What is required>
Copy the listing in full and exactly, omitting its images.
-------- Records for this task --------
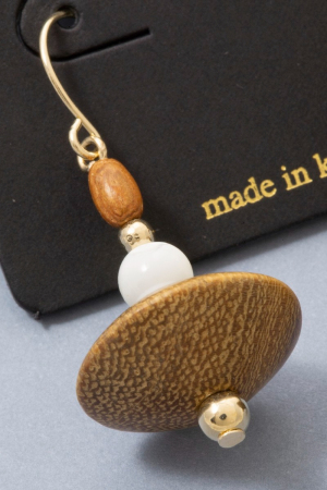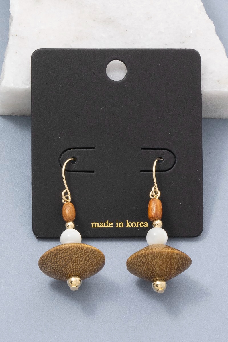• This pair of drop earrings brings a unique wood bead natural disc style. Elevate your ensemble with this pair of drop earrings that effortlessly captures the essence of refined fashion.
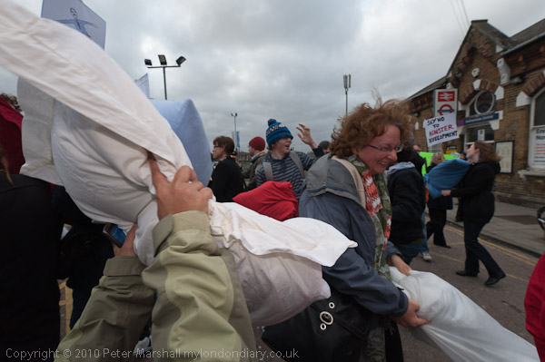 Pillow Fight Against Solum at WalthamstowWalthamstow Central Station Car Park, London. Sat 15 Jan 2011 |
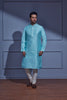 Stand out with this Pearl White Kurta Set, featuring small gold prints on poly-blended jacquard fabric. The ensemble is adorned with an elegantly embroidered collar and neckline, perfectly paired with a Cream Chudidar for a polished and refined look.
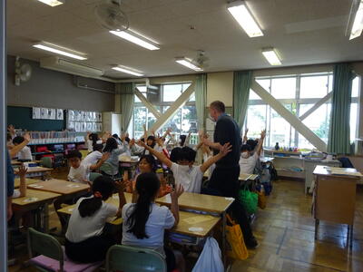 ALT(Assistant Language Teacher)と、外国語担当の授業です。
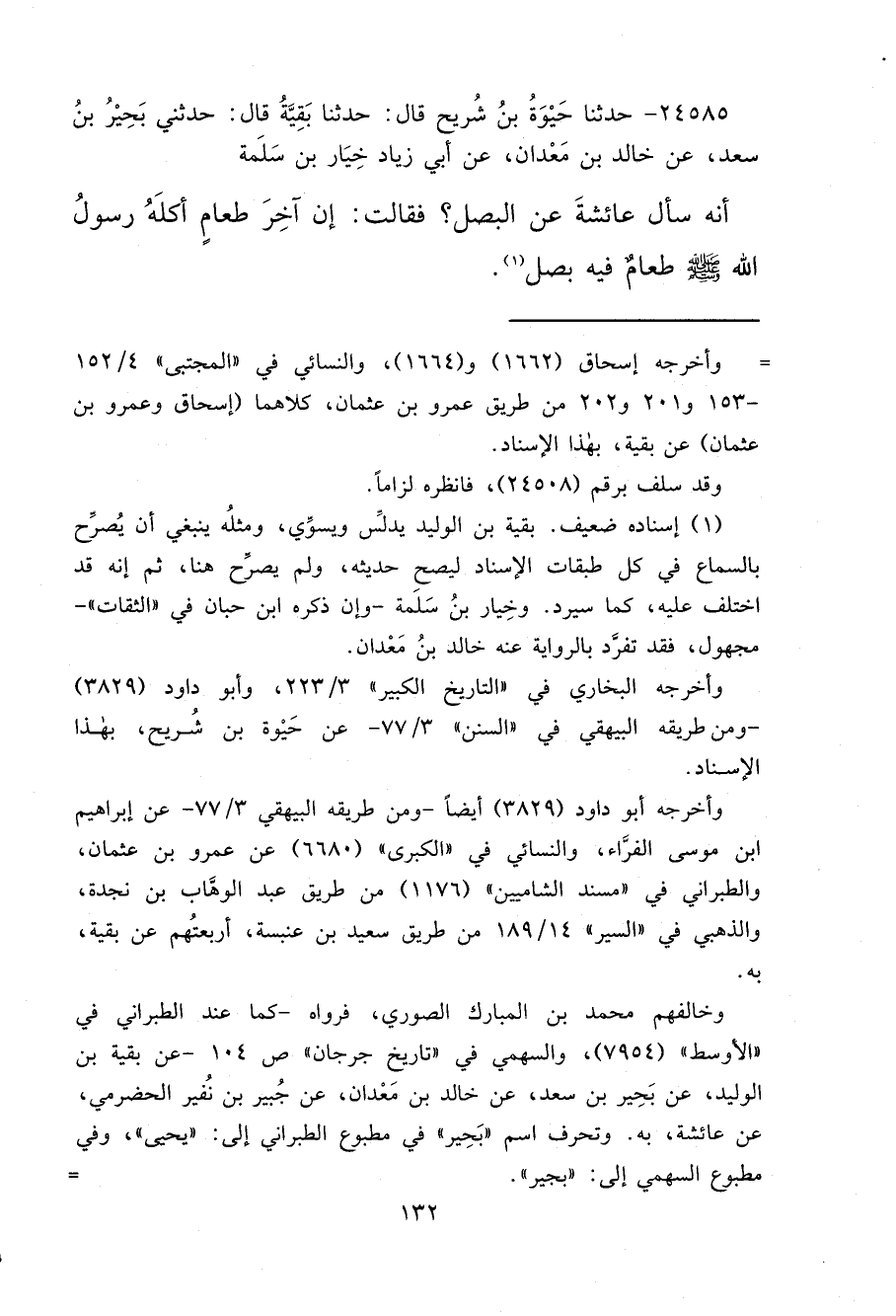 ٢٤٥٨٥ - حَدَّثَنَا حَيْوَةُ بْنُ شُرَيْحٍ، قَالَ: حَدَّثَنَا بَقِيَّةُ، قَالَ: حَدَّثَنِي بَحِيرُ بْنُ سَعْدٍ، عَنْ خَالِدِ بْنِ مَعْدَانَ، عَنْ أَبِي زِيَادٍ خِيَارِ بْنِ سَلَمَةَ، أَنَّهُ سَأَلَ عَائِشَةَ عَنِ الْبَصَلِ، فَقَالَتْ: " إِنَّ آخِرَ طَعَامٍ أَكَلَهُ رَسُولُ اللهِ صَلَّى اللهُ عَلَيْهِ وَسَلَّمَ، طَعَامٌ فِيهِ بَصَلٌ " (١)
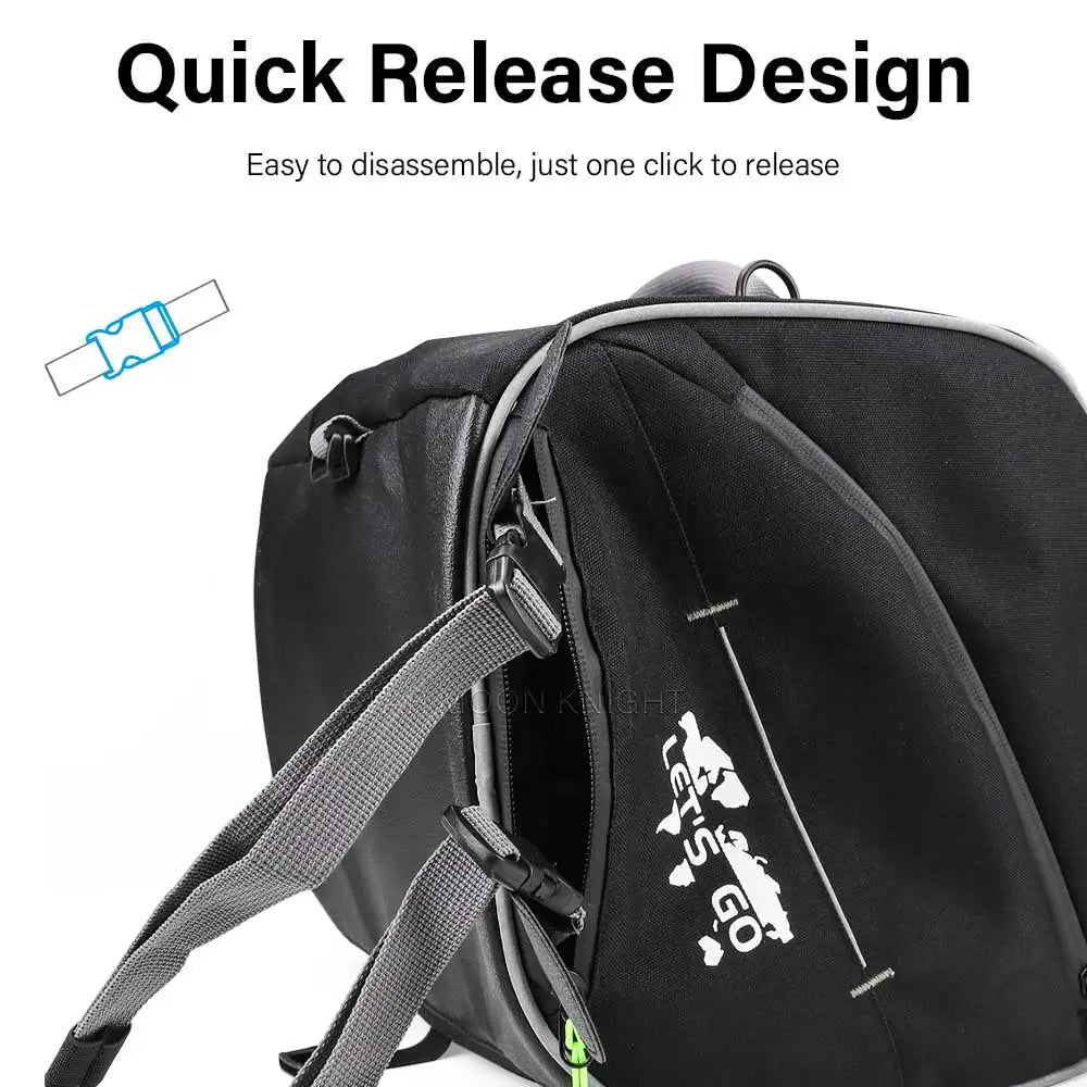 - Προσαρτήστε με ασφάλεια στο σκούτερ σας με δύο ιμάντες για στενή εφαρμογή· όταν δεν είστε πάνω στο ποδήλατο, χρησιμοποιήστε τον επενδεδυμένο ιμάντα ώμου για άνετη μεταφορά.
--------
Finished task>
• This pair of drop earrings brings a unique wood bead natural disc style. Elevate your ensemble with this pair of drop earrings that effortlessly captures the essence of refined fashion.
 Pillow Fight Against Solum at WalthamstowWalthamstow Central Station Car Park, London. Sat 15 Jan 2011 |
 Stand out with this Pearl White Kurta Set, featuring small gold prints on poly-blended jacquard fabric. The ensemble is adorned with an elegantly embroidered collar and neckline, perfectly paired with a Cream Chudidar for a polished and refined look.
 ALT(Assistant Language Teacher)と、外国語担当の授業です。
 ٢٤٥٨٥ - حَدَّثَنَا حَيْوَةُ بْنُ شُرَيْحٍ، قَالَ: حَدَّثَنَا بَقِيَّةُ، قَالَ: حَدَّثَنِي بَحِيرُ بْنُ سَعْدٍ، عَنْ خَالِدِ بْنِ مَعْدَانَ، عَنْ أَبِي زِيَادٍ خِيَارِ بْنِ سَلَمَةَ، أَنَّهُ سَأَلَ عَائِشَةَ عَنِ الْبَصَلِ، فَقَالَتْ: " إِنَّ آخِرَ طَعَامٍ أَكَلَهُ رَسُولُ اللهِ صَلَّى اللهُ عَلَيْهِ وَسَلَّمَ، طَعَامٌ فِيهِ بَصَلٌ " (١)
 - Προσαρτήστε με ασφάλεια στο σκούτερ σας με δύο ιμάντες για στενή εφαρμογή· όταν δεν είστε πάνω στο ποδήλατο, χρησιμοποιήστε τον επενδεδυμένο ιμάντα ώμου για άνετη μεταφορά.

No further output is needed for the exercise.